Ramesh, you submitted this column for the New York Times. Why are you such a traitor, Ramesh?
Snarkiness aside, I wonder if Ramesh and his fellow hangers-on in the NRO Chatting Class fully realize that deciding who has what conservative values is not their call to make in this election. This election is fully in the hands of Karl Rove, and you (NRO) are his plaything.
I would humbly submit that Hugh Hewitt and his fellow Salem Communications employees at Townhall.com have more swing in electoral influence than the NRO Cluckers do.
Posted by: Brad S at September 13, 2006 1:02 PMReminds me of conservatives who did not work/vote for the first President Bush because Clinton wouldn't be so bad, we will win in 1996 etc.
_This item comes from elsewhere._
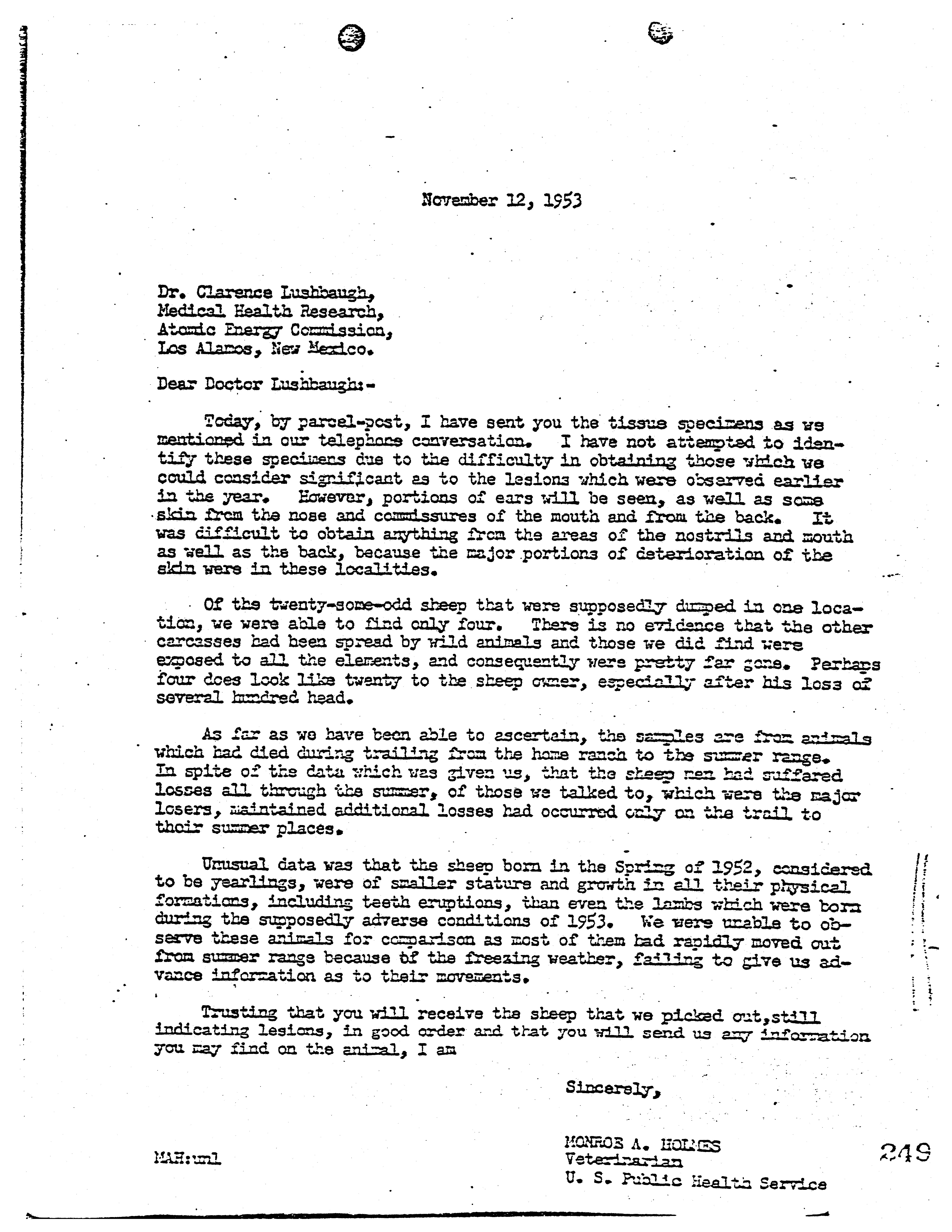 Correspondence and reports on sheep losses in Utah (continued) Item Info

How is Beyer and Ginsbrg working out for you, Ramesh, for instance?
Political parties (and political movements forthat matter) exist to win elections and thereby advance its goals. One can't throw one election on the hope that the next one will be won. Next time may never come.
By the way, if the Dems take over the House and Senate, the 2007 immigration bill signed by President Bush won't go over well at NRO, will it?
Posted by: Bob at September 13, 2006 1:20 PMI agree. The right-wing ideologues who would rather be right than be president need to wake up and smell the napalm*.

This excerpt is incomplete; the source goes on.